● **Dataset section**
▬▬▬▬▬▬▬▬▬▬

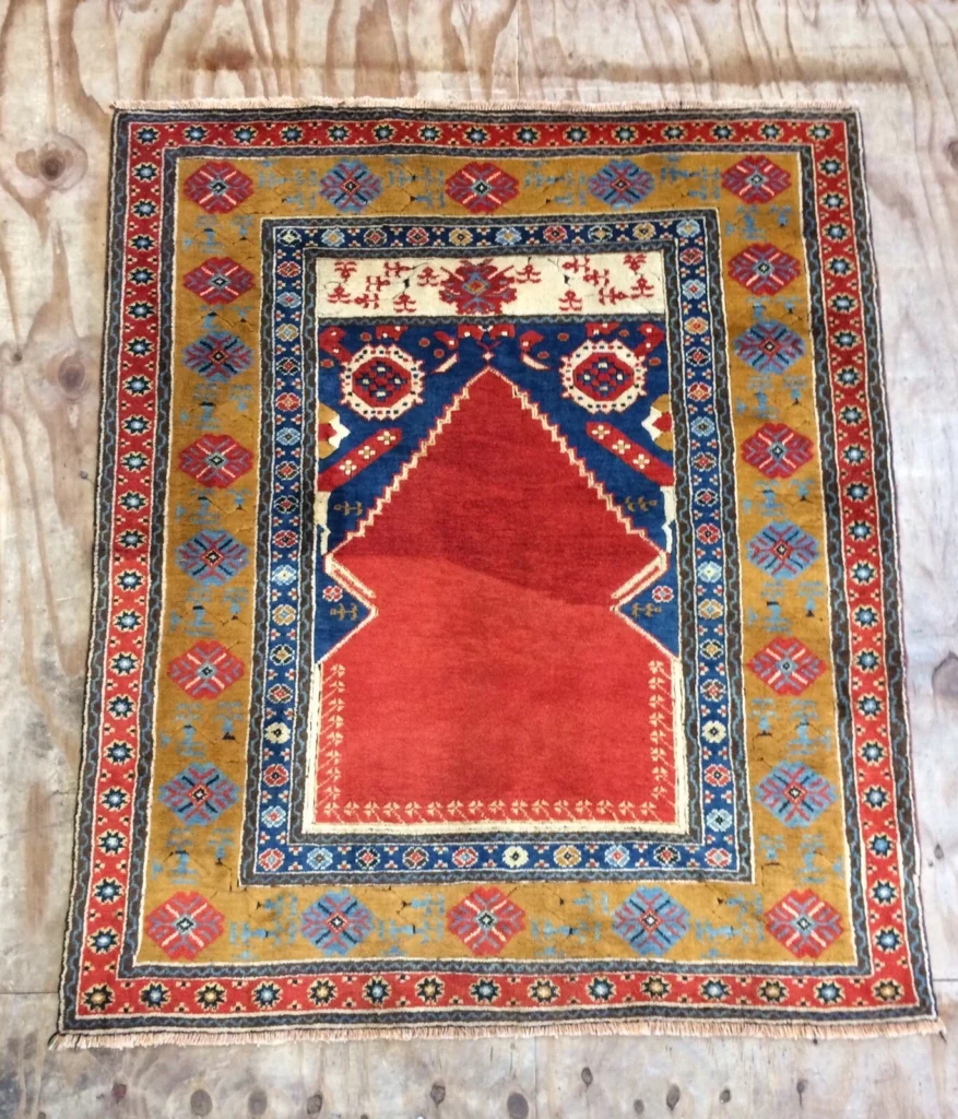 Un tapis de prière anatolien a généralement une forme de niche à une extrémité qui ressemble à un arc, ce qui le rend immédiatement reconnaissable. Les motifs peuvent être géométriques ou floraux, et les couleurs sont souvent chaudes et terreuses, avec des tons rouges, bleus et dorés. Même s’ils ont été fabriqués dans un but précis, ils fonctionnent à merveille comme pièces décoratives dans une maison. Un petit tapis de prière peut ajouter du caractère à un endroit qui semble vide.
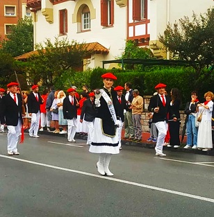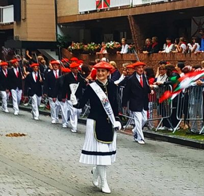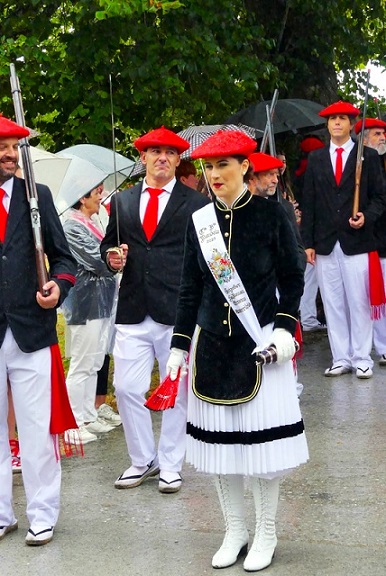 Año 2025. Goizeder San Roman Extremo. Cantinera de la Compañía Mendelu del Alarde de Hondarribia al paso por Damarri en 2025 fuente archivo
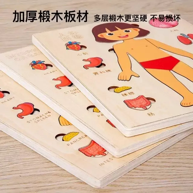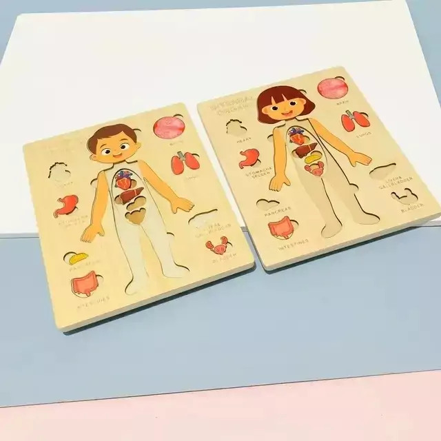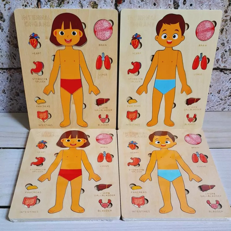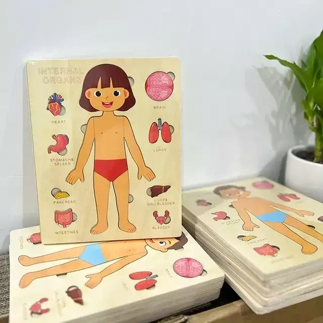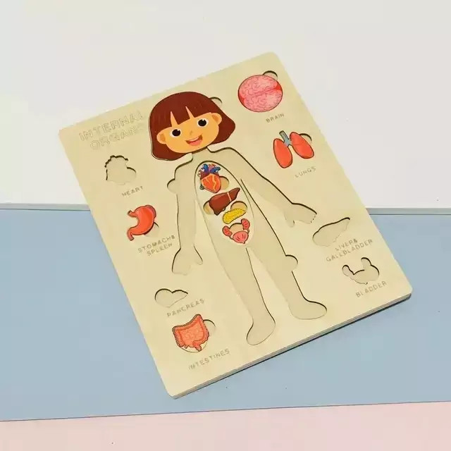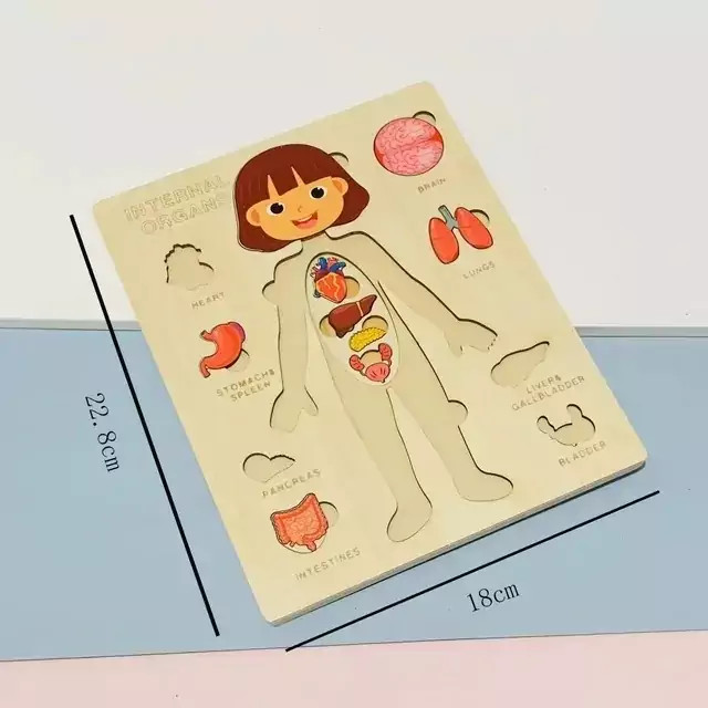 دلبندت میدونه داخل بدنمون چه خبره؟میدونه معده،روده یا حتی ریه کدوم قسمت از بدن قرار داره؟اگه اعضای بدن رو بهش آموزش ندادی این پصت مخصوص خودته😊 🧩پازل چوبی آناتومی بدن از یه صفحه چوبی در ابعاد 22.8*18 سانتی متر تشکل شده. روی این صفحه تصویر یه انسان که قسمتی هایی از بدن اون به صورت پازل طراحی شده قرار داره، قسمت های کناری صفحه اندام های داخلی بدن قرار داره و زیر هر کدوم از اعضای داخلی اسم انگلیسی اعضا نوشته شده 🔶️قطعات پازل به صورت لایه لایه روی هم قرار گرفتن و وظیفه کودک نوپا اینه که که اندام های داخلی، ماهیچه ها، بدن رو در جای صحیح خود قرار بده و با قسمت های مختلف بدن و اندام خصوصی خودش آشنا بشه 🎨نگم از کیفیت کار چوبیِ خوش رنگ و لعاب

▬▬▬▬▬▬▬▬▬▬

● **Task**
Your copy should match the data exactly, apart from the images, which are dropped.

● **Task output**
 Un tapis de prière anatolien a généralement une forme de niche à une extrémité qui ressemble à un arc, ce qui le rend immédiatement reconnaissable. Les motifs peuvent être géométriques ou floraux, et les couleurs sont souvent chaudes et terreuses, avec des tons rouges, bleus et dorés. Même s’ils ont été fabriqués dans un but précis, ils fonctionnent à merveille comme pièces décoratives dans une maison. Un petit tapis de prière peut ajouter du caractère à un endroit qui semble vide.
 Año 2025. Goizeder San Roman Extremo. Cantinera de la Compañía Mendelu del Alarde de Hondarribia al paso por Damarri en 2025 fuente archivo
 دلبندت میدونه داخل بدنمون چه خبره؟میدونه معده،روده یا حتی ریه کدوم قسمت از بدن قرار داره؟اگه اعضای بدن رو بهش آموزش ندادی این پصت مخصوص خودته😊 🧩پازل چوبی آناتومی بدن از یه صفحه چوبی در ابعاد 22.8*18 سانتی متر تشکل شده. روی این صفحه تصویر یه انسان که قسمتی هایی از بدن اون به صورت پازل طراحی شده قرار داره، قسمت های کناری صفحه اندام های داخلی بدن قرار داره و زیر هر کدوم از اعضای داخلی اسم انگلیسی اعضا نوشته شده 🔶️قطعات پازل به صورت لایه لایه روی هم قرار گرفتن و وظیفه کودک نوپا اینه که که اندام های داخلی، ماهیچه ها، بدن رو در جای صحیح خود قرار بده و با قسمت های مختلف بدن و اندام خصوصی خودش آشنا بشه 🎨نگم از کیفیت کار چوبیِ خوش رنگ و لعاب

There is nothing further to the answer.